Scientists at the Icahn School of Medicine at Mount Sinai have developed a powerful new computational tool that could transform how cancer tissues are analysed and help pave the way for more personalised treatments.
The study, published in Nature Biomedical Engineering, introduces MARQO, a next-generation image analysis process that extracts detailed cellular and spatial information from tumour tissue slides with unprecedented accuracy and scalability.
Developed by a team led by Sacha Gnjatic, PhD, Professor of Immunology and Immunotherapy at the Icahn School of Medicine, MARQO streamlines the complex task of analysing immunohistochemistry (IHC) and immunofluorescence (IF) images, which are produced via staining methods commonly used to detect immune cells and other biomarkers in cancerous tissues.
When someone has cancer, pathologists inspect stained tissue sections under the microscope to see which cells are present and how they are arranged.
Doing this by hand is labour‑intensive and usually limited to small areas of the sample.
MARQO tackles this challenge in three key ways: First, while other tools can process entire images, they often require users to chop slides into patches or rely on costly computing clusters.
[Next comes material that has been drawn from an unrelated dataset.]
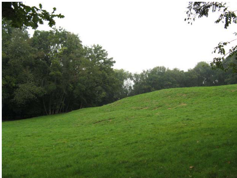
Chapeiry-EG1 : Entre Sciondaz et Vers les Bois – Topographie irrégulière mais stabilisée des prés (anciens phénomènes de fluage).

MARQO keeps slides intact and finishes the job in minutes rather than hours, even on standard graphics processing units.
Second, MARQO works with a range of common IHC and IF staining technologies, making study‑to‑study comparisons easier and boosting reproducibility.
Third, MARQO automatically flags likely positive cells and assigns coordinates and marker intensities, then hands off the final validation to the pathologist, keeping human expertise at the centre of the workflow.
“We designed MARQO to fill a major gap in the field: turning complex whole‑slide images into usable, structured data quickly and consistently,” said Dr. Gnjatic.
“By automating the heavy lifting, we let experts focus on interpretation and discovery.”
While MARQO is currently designed for research use and has not been validated for clinical diagnostics, its compatibility with standard clinical staining methods could enable future applications in pathology labs.
The research team plans to continue developing MARQO by improving its user interface, adding advanced spatial and neighbourhood analysis tools, and expanding its use in high-performance computing environments to support large-scale projects involving millions of digitised tissue slides.
“This platform could accelerate biomarker discovery, improve how we predict which patients will benefit from specific treatments, and ultimately support the development of more precise cancer diagnostics,” said Dr. Gnjatic.